• [TASK DIRECTIONS] Nothing but the lines below from the one holding "普段は緑掛かった黒髪で、右目" up to and including the one holding "この理念に共鳴いただいた特派" should be copied, exactly and without pictures.

• [SUPPLIED DATA]
=====

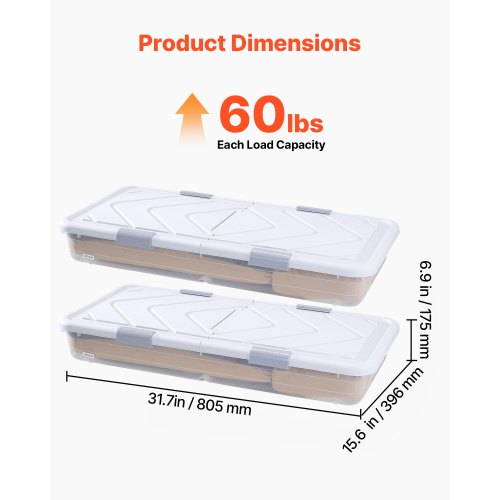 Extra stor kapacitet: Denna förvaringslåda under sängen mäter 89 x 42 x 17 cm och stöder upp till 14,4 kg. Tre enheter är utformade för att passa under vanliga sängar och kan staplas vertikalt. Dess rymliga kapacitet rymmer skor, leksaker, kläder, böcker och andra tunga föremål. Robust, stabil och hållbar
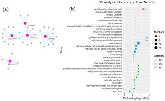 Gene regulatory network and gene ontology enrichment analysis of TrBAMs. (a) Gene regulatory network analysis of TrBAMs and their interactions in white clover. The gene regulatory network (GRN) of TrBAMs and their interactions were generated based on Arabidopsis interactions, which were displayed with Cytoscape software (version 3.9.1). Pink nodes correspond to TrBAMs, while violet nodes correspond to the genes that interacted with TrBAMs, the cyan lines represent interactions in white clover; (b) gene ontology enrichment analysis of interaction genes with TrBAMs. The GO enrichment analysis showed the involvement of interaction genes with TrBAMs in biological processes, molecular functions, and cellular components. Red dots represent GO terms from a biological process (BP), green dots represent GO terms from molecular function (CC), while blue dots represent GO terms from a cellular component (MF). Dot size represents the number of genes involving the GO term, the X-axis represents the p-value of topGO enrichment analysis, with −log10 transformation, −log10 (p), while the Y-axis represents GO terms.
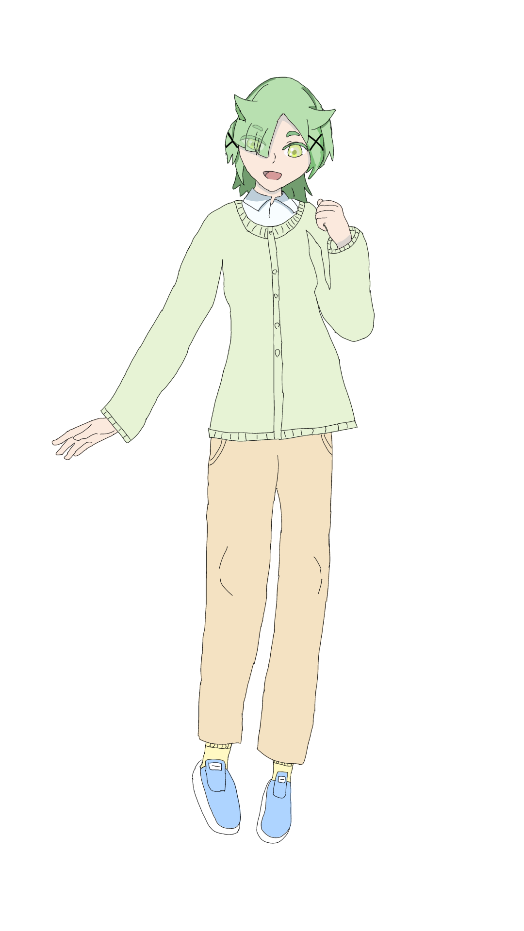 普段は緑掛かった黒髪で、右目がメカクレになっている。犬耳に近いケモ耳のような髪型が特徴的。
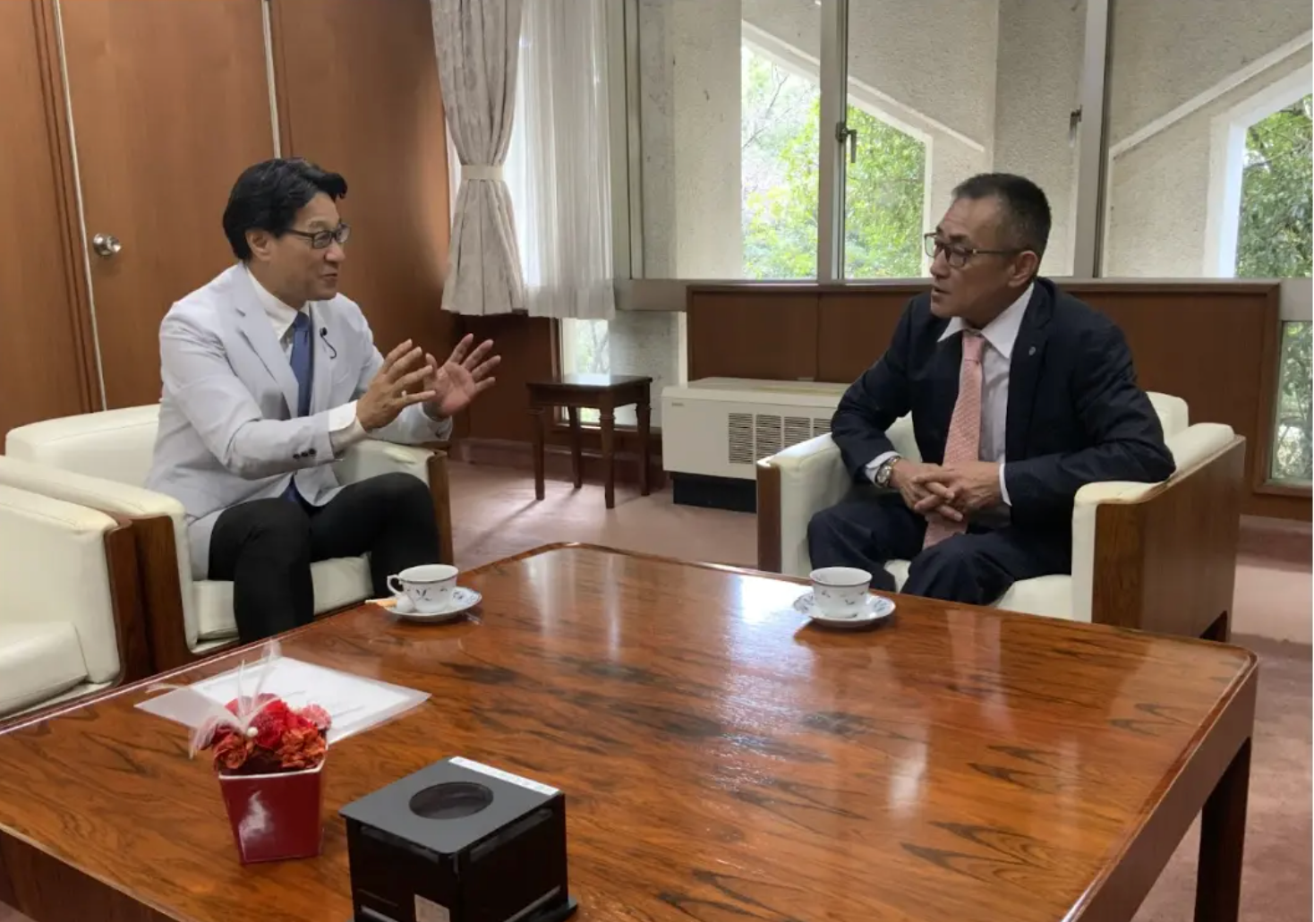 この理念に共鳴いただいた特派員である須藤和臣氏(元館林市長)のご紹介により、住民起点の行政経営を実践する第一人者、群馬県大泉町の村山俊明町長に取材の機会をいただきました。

=====

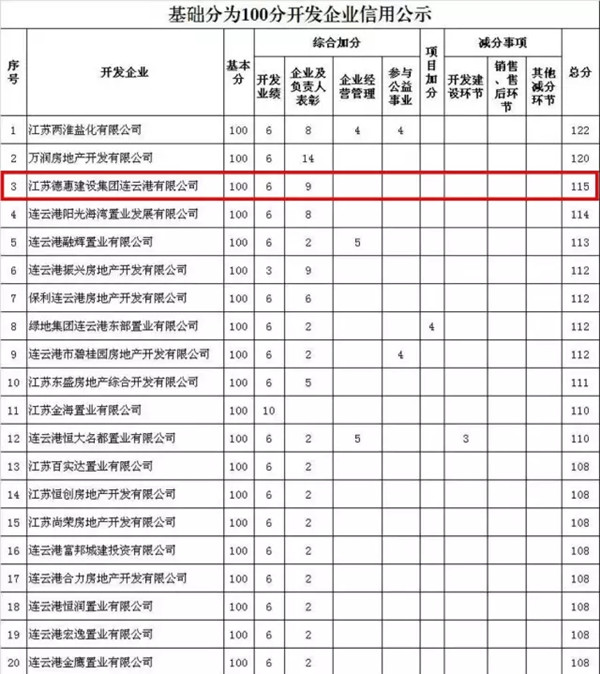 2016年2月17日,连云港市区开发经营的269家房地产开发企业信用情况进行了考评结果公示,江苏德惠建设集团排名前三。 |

=====

• [FINISHED TASK]
 普段は緑掛かった黒髪で、右目がメカクレになっている。犬耳に近いケモ耳のような髪型が特徴的。
 この理念に共鳴いただいた特派員である須藤和臣氏(元館林市長)のご紹介により、住民起点の行政経営を実践する第一人者、群馬県大泉町の村山俊明町長に取材の機会をいただきました。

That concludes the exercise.